**WHAT YOU NEED TO DO**.
What you return should be the complete data below, word for word, with no pictures in it.

**DATA SEGMENT**.
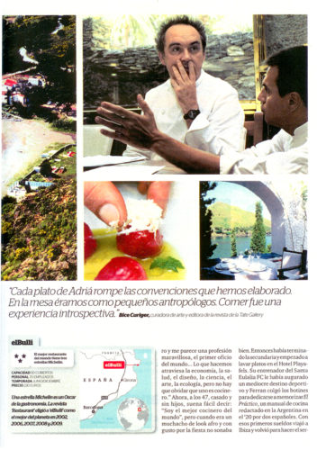 Un mano a mano con el catalán que es el alma de elBulli, restaurante que fue elegido el mejor del mundo por quinta vez. – Lo nuestro es vanguardia radical -, dice el hombre que quiso ser futbolilsta y terminó popularizando la cocina molecular.
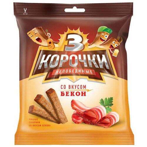 Упаковка 60 штук Сухарики ржаные "3 корочки" бекон 40г
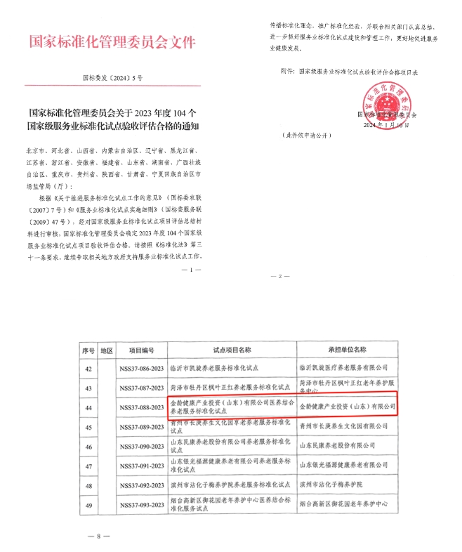 近日,根據(jù)《關(guān)于推進(jìn)服務(wù)標(biāo)準(zhǔn)化試點(diǎn)工作的意見》(國(guó)標(biāo)委農(nóng)聯(lián)[2007]7號(hào))和《服務(wù)業(yè)標(biāo)準(zhǔn)化試點(diǎn)實(shí)施細(xì)則》(國(guó)標(biāo)委服務(wù)聯(lián)[2009]47號(hào)),經(jīng)對(duì)國(guó)家級(jí)服務(wù)業(yè)標(biāo)準(zhǔn)化試點(diǎn)項(xiàng)目評(píng)估總結(jié)材料進(jìn)行審核,國(guó)家標(biāo)準(zhǔn)化管理委員會(huì)確定2023年度104個(gè)國(guó)家級(jí)服務(wù)業(yè)標(biāo)準(zhǔn)化試點(diǎn)項(xiàng)目驗(yàn)收評(píng)估合格,建設(shè)集團(tuán)所屬金齡健康產(chǎn)業(yè)投資(山東)有限公司醫(yī)養(yǎng)結(jié)合養(yǎng)老服務(wù)標(biāo)準(zhǔn)化試點(diǎn)通過驗(yàn)收。

**RESPONSE AREA**.
 Un mano a mano con el catalán que es el alma de elBulli, restaurante que fue elegido el mejor del mundo por quinta vez. – Lo nuestro es vanguardia radical -, dice el hombre que quiso ser futbolilsta y terminó popularizando la cocina molecular.
 Упаковка 60 штук Сухарики ржаные "3 корочки" бекон 40г
 近日,根據(jù)《關(guān)于推進(jìn)服務(wù)標(biāo)準(zhǔn)化試點(diǎn)工作的意見》(國(guó)標(biāo)委農(nóng)聯(lián)[2007]7號(hào))和《服務(wù)業(yè)標(biāo)準(zhǔn)化試點(diǎn)實(shí)施細(xì)則》(國(guó)標(biāo)委服務(wù)聯(lián)[2009]47號(hào)),經(jīng)對(duì)國(guó)家級(jí)服務(wù)業(yè)標(biāo)準(zhǔn)化試點(diǎn)項(xiàng)目評(píng)估總結(jié)材料進(jìn)行審核,國(guó)家標(biāo)準(zhǔn)化管理委員會(huì)確定2023年度104個(gè)國(guó)家級(jí)服務(wù)業(yè)標(biāo)準(zhǔn)化試點(diǎn)項(xiàng)目驗(yàn)收評(píng)估合格,建設(shè)集團(tuán)所屬金齡健康產(chǎn)業(yè)投資(山東)有限公司醫(yī)養(yǎng)結(jié)合養(yǎng)老服務(wù)標(biāo)準(zhǔn)化試點(diǎn)通過驗(yàn)收。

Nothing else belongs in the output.